▶ [To do]:
Every line below from the one containing "Рассеянные золотые крупицы" through the one containing "Se encuentra ubicada" is to be printed exactly, with the pictures omitted.

▶ [Record excerpts]:
Start of Block

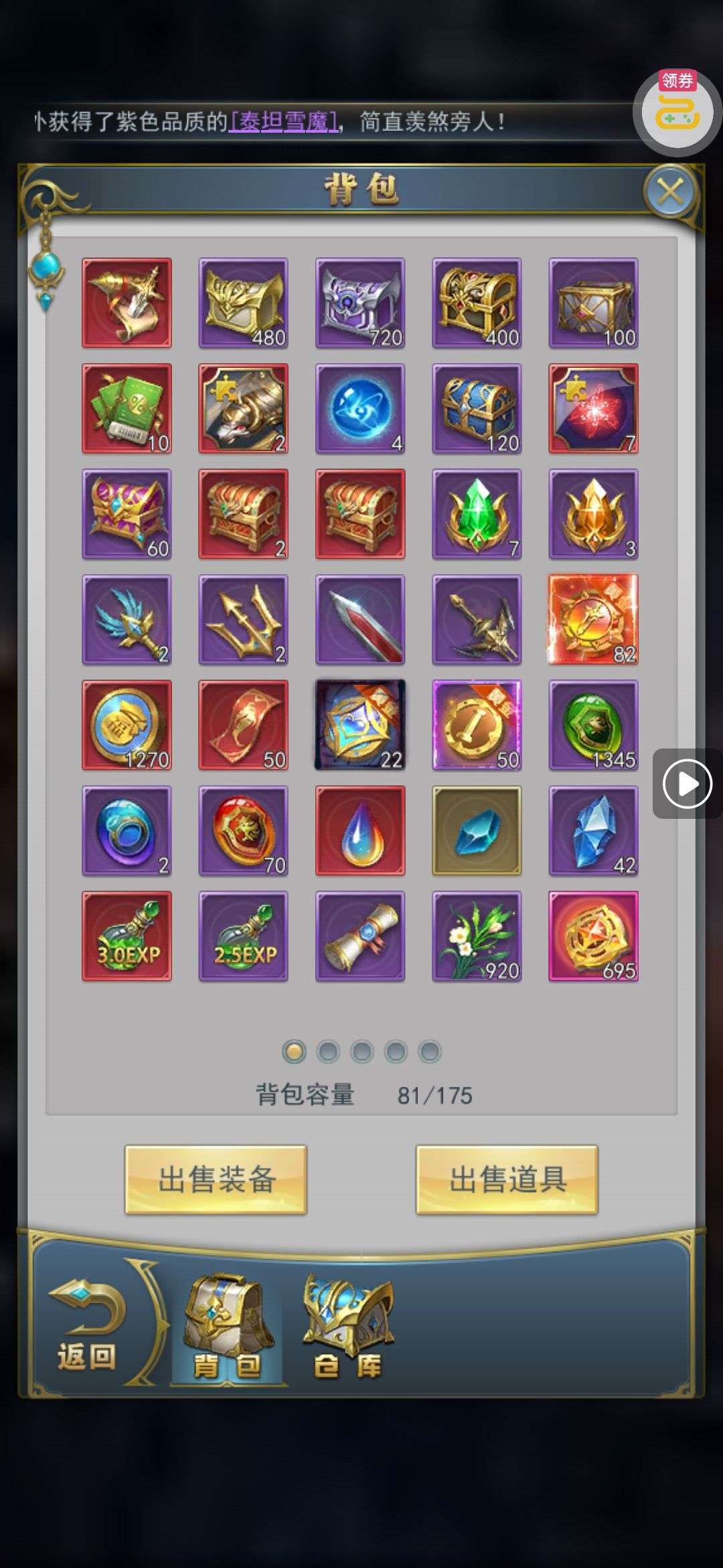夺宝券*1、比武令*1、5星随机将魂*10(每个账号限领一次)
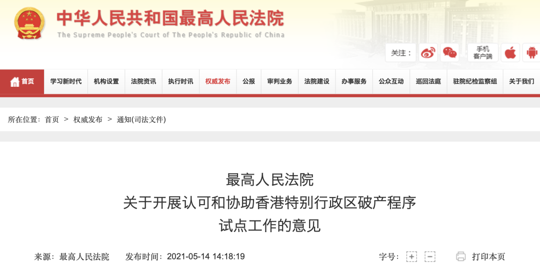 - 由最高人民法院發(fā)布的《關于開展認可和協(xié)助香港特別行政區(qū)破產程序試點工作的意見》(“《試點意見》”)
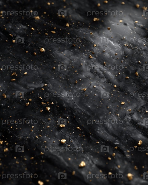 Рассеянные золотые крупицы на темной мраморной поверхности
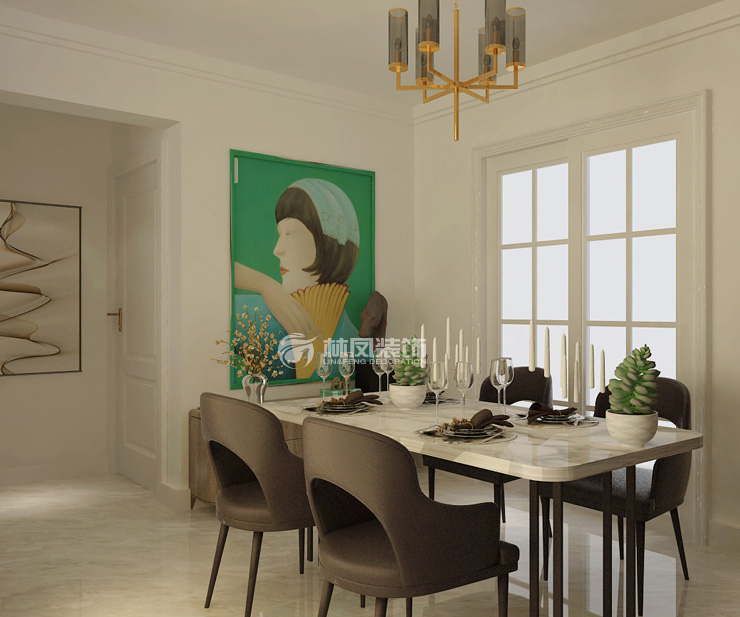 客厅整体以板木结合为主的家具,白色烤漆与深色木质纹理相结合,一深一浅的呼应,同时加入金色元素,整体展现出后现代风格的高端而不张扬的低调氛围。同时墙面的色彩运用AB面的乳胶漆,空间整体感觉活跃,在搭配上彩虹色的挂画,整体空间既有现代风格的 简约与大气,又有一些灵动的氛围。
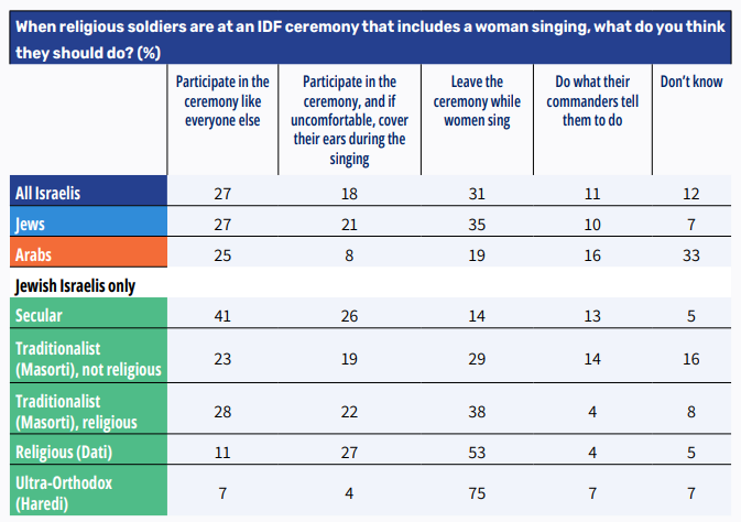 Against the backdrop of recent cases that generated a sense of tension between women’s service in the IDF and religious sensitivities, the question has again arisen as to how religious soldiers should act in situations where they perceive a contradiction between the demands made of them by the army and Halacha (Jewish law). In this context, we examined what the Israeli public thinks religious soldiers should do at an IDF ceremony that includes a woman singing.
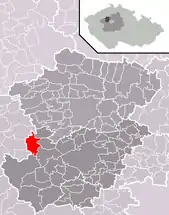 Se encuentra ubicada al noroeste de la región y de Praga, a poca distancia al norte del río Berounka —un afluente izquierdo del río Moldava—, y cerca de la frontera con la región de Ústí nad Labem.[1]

End of Block
Start of Block

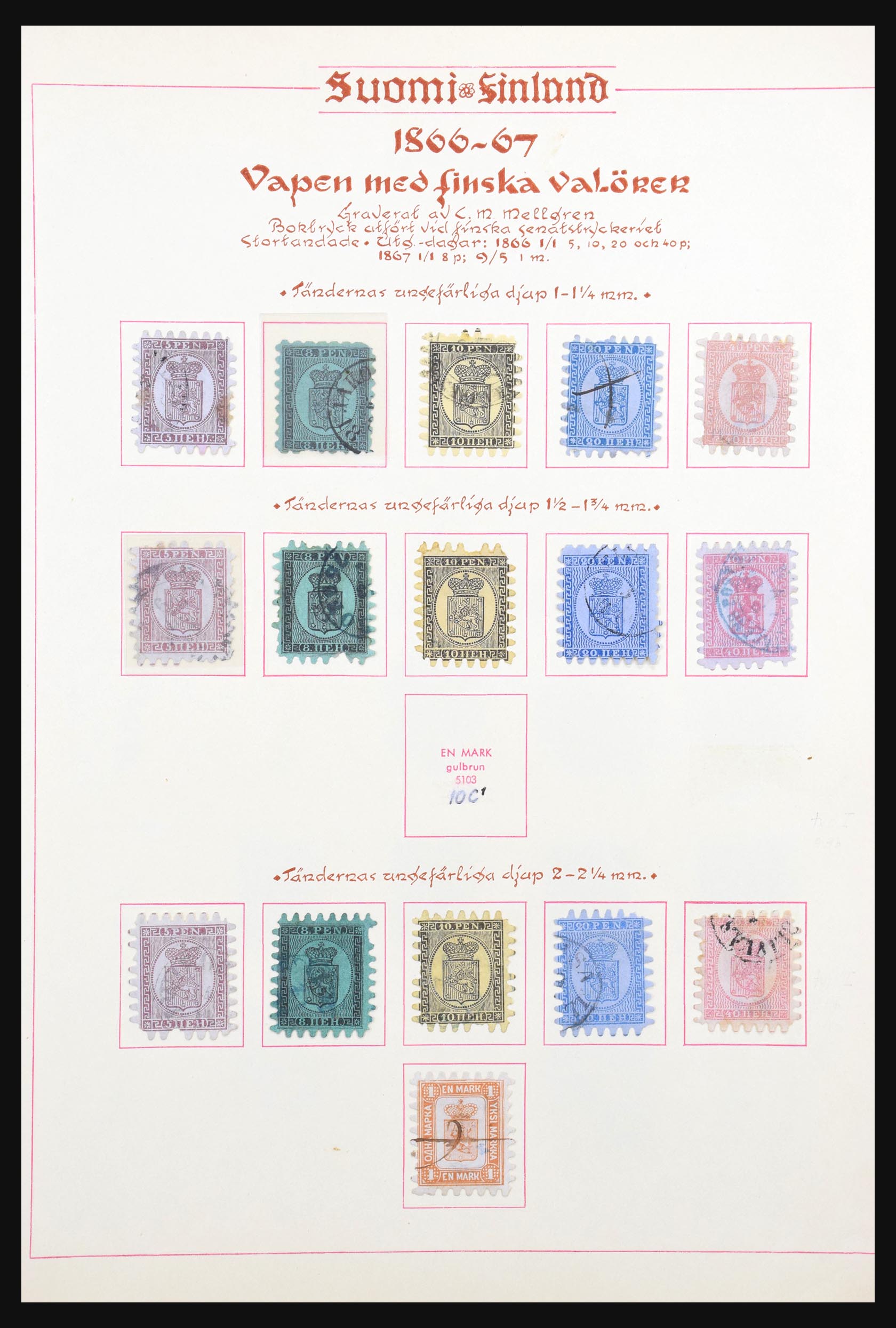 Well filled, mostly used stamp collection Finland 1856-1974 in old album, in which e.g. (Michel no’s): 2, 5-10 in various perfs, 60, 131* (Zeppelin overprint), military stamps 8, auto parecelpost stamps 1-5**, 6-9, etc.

End of Block

▶ [Solution for this problem]:
 Рассеянные золотые крупицы на темной мраморной поверхности
 客厅整体以板木结合为主的家具,白色烤漆与深色木质纹理相结合,一深一浅的呼应,同时加入金色元素,整体展现出后现代风格的高端而不张扬的低调氛围。同时墙面的色彩运用AB面的乳胶漆,空间整体感觉活跃,在搭配上彩虹色的挂画,整体空间既有现代风格的 简约与大气,又有一些灵动的氛围。
 Against the backdrop of recent cases that generated a sense of tension between women’s service in the IDF and religious sensitivities, the question has again arisen as to how religious soldiers should act in situations where they perceive a contradiction between the demands made of them by the army and Halacha (Jewish law). In this context, we examined what the Israeli public thinks religious soldiers should do at an IDF ceremony that includes a woman singing.
 Se encuentra ubicada al noroeste de la región y de Praga, a poca distancia al norte del río Berounka —un afluente izquierdo del río Moldava—, y cerca de la frontera con la región de Ústí nad Labem.[1]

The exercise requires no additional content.